FW: TNT issues "workaround"
I seem to be having the same or similar problems with my Cisco boxes also , they either reboot or the pris hang , users get busy's but no one is logged in at all , when I do a show isdn status it shows b channels in use but no one on, the only way to fix is reboot the box , and it seems to be timed , everyday at 1400 and 2200 hours , since Monday anybody body heard of ciscos acting funny this week? John Lord(lord@allturbo.com) It Manager AllTurbo Internet Services Inc 410-213-9388 Office www.allturbo.com -----Original Message----- From: Brian Wallingford [mailto:brian@meganet.net] Sent: Saturday, August 23, 2003 1:41 AM To: nanog@merit.edu Subject: TNT issues "workaround" I haven't seen specific details posted here, so: Like many others, we've had a few TNTs online for years without hiccups or reboots until this week. Beginning late Sunday, we saw seemingly random blade reboots, and total system crashes. Errors ranged from memory leaks to infinite loops on the controller blade, but all blades were susceptible. HDLC2 blades seemed to be particularly vulnerable. We saw boxes that had been rock-solid for very long periods suddenly rebooting at periods ranging from 20 minutes to 4 hours, with no obvious cause (i.e., nothing more specific than the above). Border and core filtering of icmp echo * did little good. On the suggestion of some folks on another list, and against my better judgment, we disabled route caching in order to free up additional memory (though memory did not appear fragmented). This stabilized all involved boxes, and surprisingly, did not result in significant degradation of end user performance. Granted, it's not a true fix, but it may get you a few extra Z's at night. hth, brian
On Saturday, Aug 23, 2003, at 18:31 Europe/Dublin, John Lord wrote:
I seem to be having the same or similar problems with my Cisco boxes also , they either reboot or the pris hang , users get busy's but no one is logged in at all , when I do a show isdn status it shows b channels in use but no one on, the only way to fix is reboot the box , and it seems to be timed , everyday at 1400 and 2200 hours , since Monday anybody body heard of ciscos acting funny this week?

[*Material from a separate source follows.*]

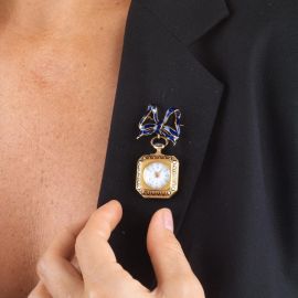 RIBBON BROOCH WITH A WATCH IN 18KT YELLOW GOLD AND ENAMELS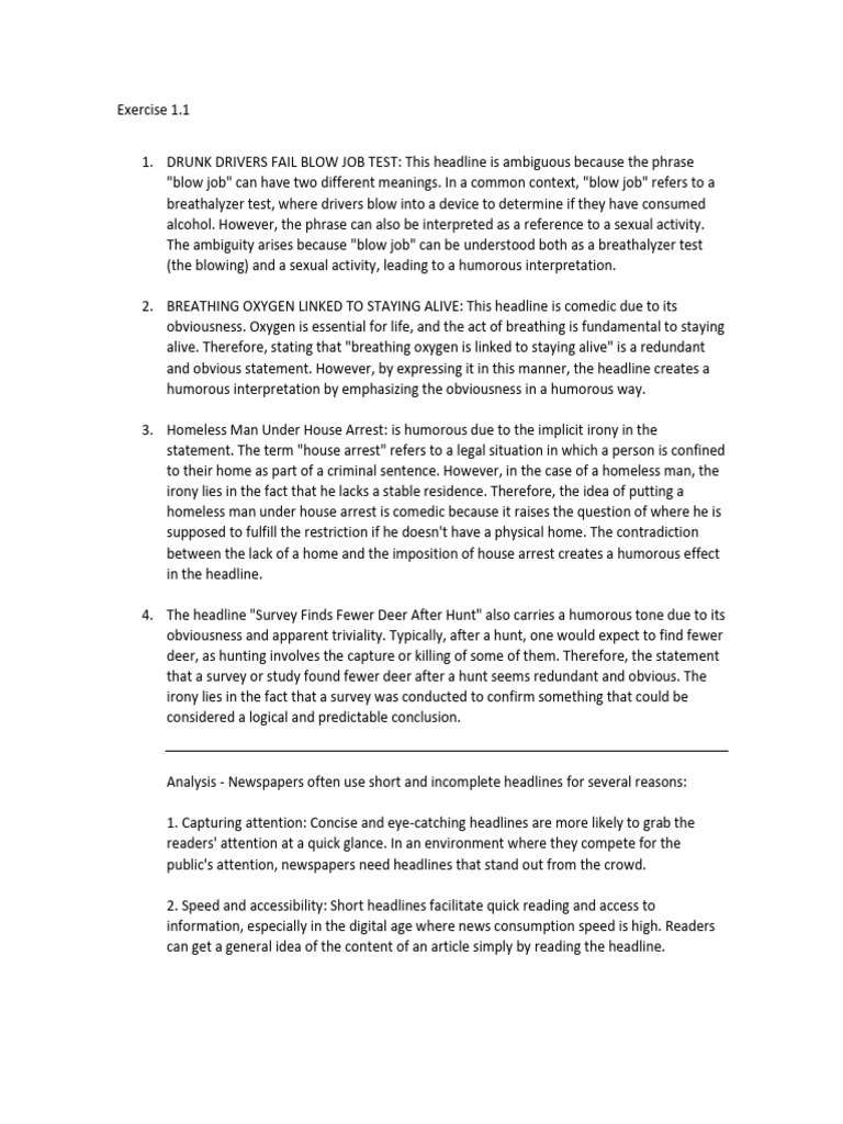 semantic ambiguities are used in the text, such as in newspaper headlines that omit words or have

Perhaps your fast switching route cache is filling up memory. If you're willing to risk it enable CEF on all interfaces. R.

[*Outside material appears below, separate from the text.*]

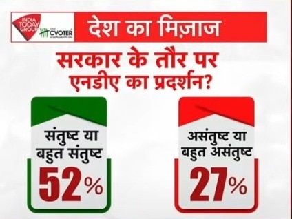 इस सर्वे में लोगों से पूछा गया कि क्या वह सरकार के तौर पर एनडीए के प्रदर्शन को कैसे आंकते हैं? इस पर 52 फीसदी लोग संतुष्ट या बहुत संतुष्ट नजर आए जबकि 27 फीसदी असंतुष्ट या बहुत असंतुष्ट नजर आए.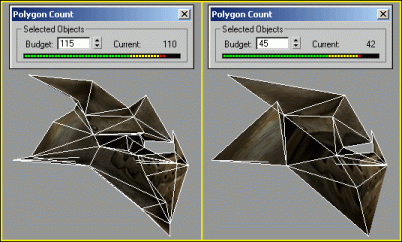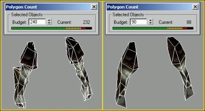 5 Enter Sub-object mode and begin reducing the mesh detail of the copy until about one-third the polygon count of the original mesh remains.

On Sat, 23 Aug 2003, Ross Chandler wrote:
I seem to be having the same or similar problems with my Cisco boxes also , they either reboot or the pris hang , users get busy's but no one is logged in at all , when I do a show isdn status it shows b channels in use but no one on, the only way to fix is reboot the box , and it seems to be timed , everyday at 1400 and 2200 hours , since Monday anybody body heard of ciscos acting funny this week?
Perhaps your fast switching route cache is filling up memory. If you're willing to risk it enable CEF on all interfaces.
Some of the older cisco access-servers don't even support CEF. The cisco failures seem to be memory starvation/fragmentation issues caused by out of control route-cache growth caused by the nachi worm's attempt to ping so many different hosts so quickly while looking for systems to spread to. You can work around the issue by: a) using policy routing to pass all dialup traffic through a route-map that sends 92 byte echo/echo-reply packets to null0. b) blocking all echo/echo-reply coming in from dial-up users (i.e. apply an input acl to your virtual-template and/or group-async interfaces). c) disabling route caching on the egress interface of the access server. I'm doing a mix of a (on the access-servers that this works on) and b where a doesn't work...and tested c this morning and found it appears to work. ---------------------------------------------------------------------- Jon Lewis *jlewis@lewis.org*| I route System Administrator | therefore you are Atlantic Net | _________ http://www.lewis.org/~jlewis/pgp for PGP public key_________
participants (3)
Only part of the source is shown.